"Владимир Богомолов. В кригере " - читать интересную книгу автора

глаза подполковнику и тянулся перед ним на разрыв хребта.
- ГээСКа, - сказал он капитану, тотчас сделавшему какую-то пометку в лежавшем
перед ним большом листе бумаги, и снова с явным дружелюбием посмотрел на меня. -
Желаю дальнейших успехов в службе и личной жизни!.. Явитесь за предписанием
завтра к семнадцати ноль-ноль! Идите!..
Козырнув и ловко "погасив" приветствие - мгновенно кинув правую ладонь по
вертикали пальцами вниз, к ляжке, что выглядело весьма эффектно и считалось в
молодом офицерстве особым шиком, я четко по уставу повернулся и даже умудрился
"дать ножку" - отошел если и не строевым, то полустроевым шагом. От радости во
мне все пело и плясало, я был переполнен теплыми чувствами и прежде всего
безмерной благодарностью к однорукому подполковнику, этому замечательному
боевому офицеру, истинному отцу командиру, понявшему меня и оставившему перед
академией на девять-десять месяцев в Приморье, вблизи Владивостока, города,
сразу ставшего таким желанным.
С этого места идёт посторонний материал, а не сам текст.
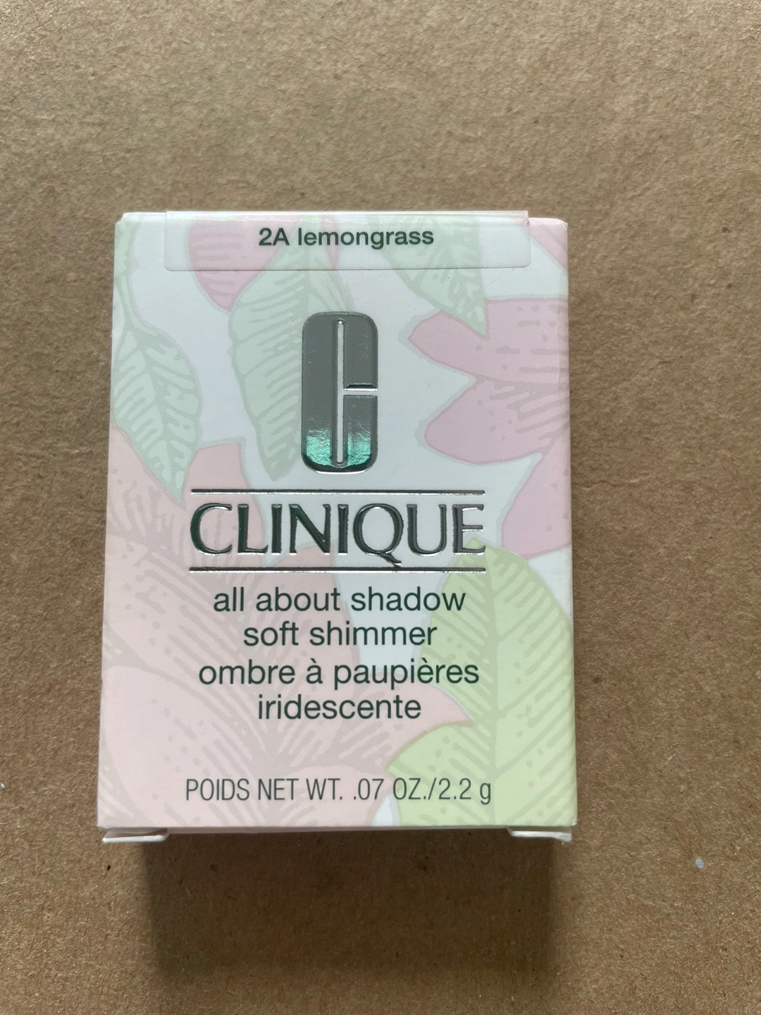 This is a Clinique All About Shadow Soft Shimmer Eyeshadow in the shade 2A Lemongrass. It comes in a small compact with a mirror and applicator.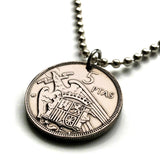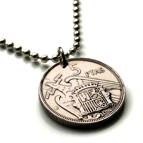 1957 España Spain 5 Pesetas Spanish jewelry coin pendant escudo Español aguila de San Juan Madrid Barcelona Sevilla Málaga Córdoba Valencia Granada Zaragoza Toledo Cadiz Bilbao Coruña Cuenca Ibiza Cataluña Plus Ultra Castile Leon Aragon Navarre n000499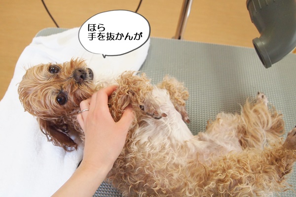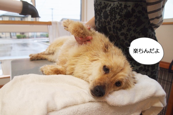 さくらちゃんは、寝かせてブローをさせてくれるので、本当に楽です。

Я уже поравнялся с висевшим влево от прохода на
видном месте под стеклом портретом Верховного Главнокомандующего Генералиссимуса
И. В. Сталина и приближался к двери - позади меня кадровик с искалеченной
челюстью шепелявой скороговоркой зачитывал анкетные данные мордатого капитана с
припудренным фингалом под левым глазом, когда в той половине, за плащ-палатками,
снова послышалось громко и возмущенно:
- Это муде на сковороде!!! Вы кому здесь мозги е..те?!. Вы что -- мымоза?!.
Может, вам со склада бузгальтер выписать, напиз.ник и полпакета ваты?.. Будем
публично мэнструировать или честно выполнять свой долг перед Родиной?!.
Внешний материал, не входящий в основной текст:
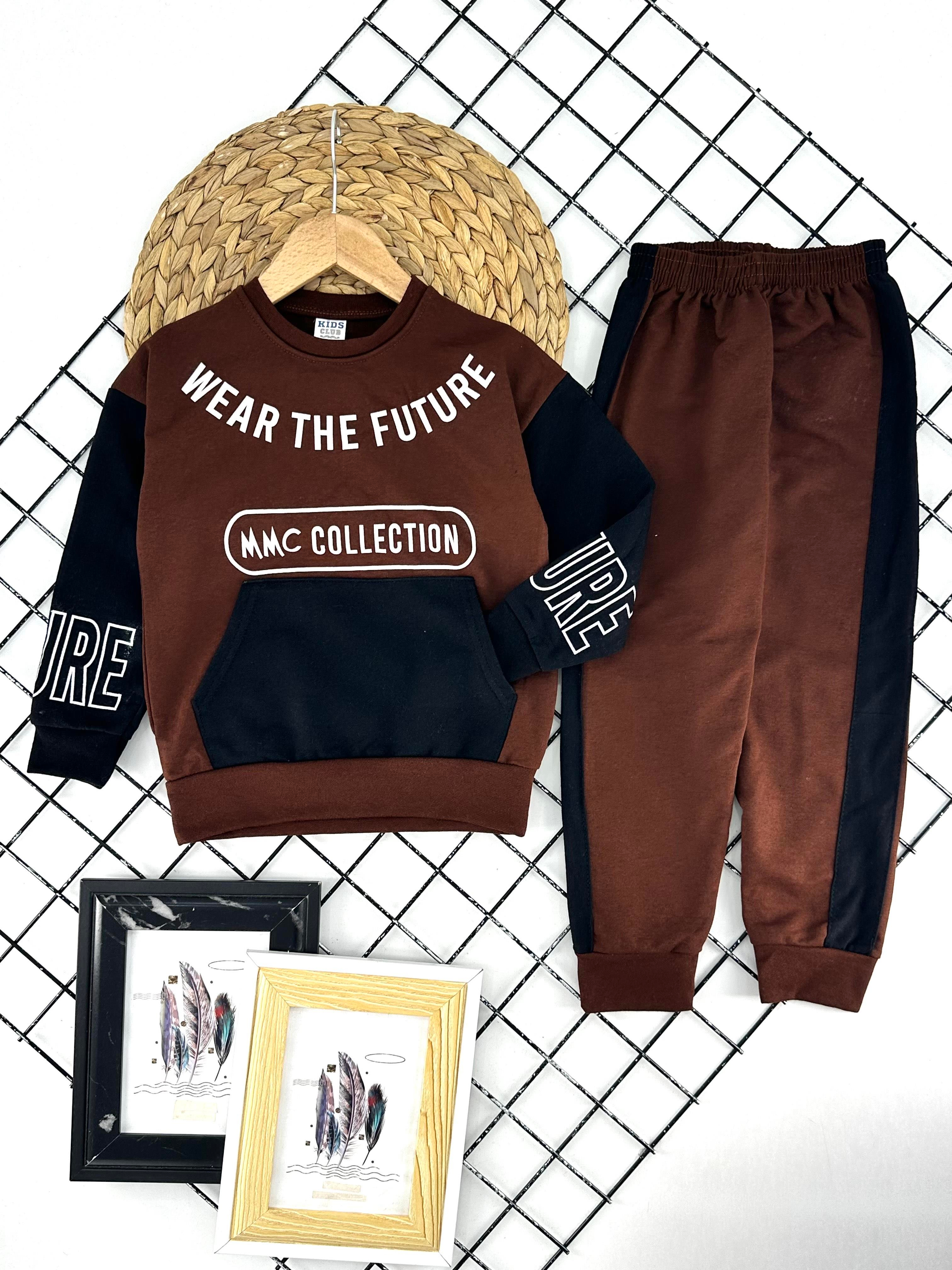 0929 Wear The Yazılı Erkek Çocuk Penye İki İplik Takım-KAHVE

Взмокший потом от пережитых волнений, я вывалился из кригера с чувством
величайшего облегчения - словно тяжеленную ношу наконец донес и сбросил, --
слетел из тамбура, как на крыльях... Офицеры, ожидавшие своей очереди внизу у
ступенек, засыпали меня вопросами: "Ну что?", "Как там, старшой?..", "Куда
запсярили?.."; от нетерпения один уже немолодой капитан даже ухватил меня за
рукав. Мне очень хотелось этак небрежно, как бы между прочим, сообщить им всем,
что лично меня не запсярили, а назначили, причем поблизости, в отличное место и
к тому же - в гвардию, но я не стал рассусоливать и, легким движением высвободив
локоть и уходя, сдержанно, с достоинством проговорил:
- Аллес нормалес!
Я ощущал сочувствие и некоторое превосходство. Всем этим людям предстояло
толковище с кадровиками, тягостно-мучительное отстаивание своих интересов,
выслушивание неприятных и оскорбительных слов и выражений, а у меня все было уже
позади. Им светили Сахалин и Камчатка, Курилы и Чукотка, морозы и пурги, белые
медведицы и ездовые собаки, а мне - Приморье неподалеку от Владивостока,
большого культурного города, куда, в какой бы полк гвардейского стрелкового
корпуса меня ни определили, я смогу приезжать по воскресеньям или в свободные
дни - каждую неделю!.. Недаром же подполковник, наверняка со значением, а может,
и с прямым намеком, пожелал мне успехов не только в службе, но и в личной жизни,
что меня особенно впечатлило, как, впрочем, и его слова о моем бесценном боевом
опыте, о перспективности моей биографии и моем "незаурядном воинском
потенциале".
По рассказам Арнаутова я знал, что удачное назначение, так же как награду или
получение очередного воинского звания, необходимо обмыть или, как говорили в
старой русской армии, "забутылить", это было делом чести, и чем щедрее
оказывалось угощение, тем достойнее выглядел офицер.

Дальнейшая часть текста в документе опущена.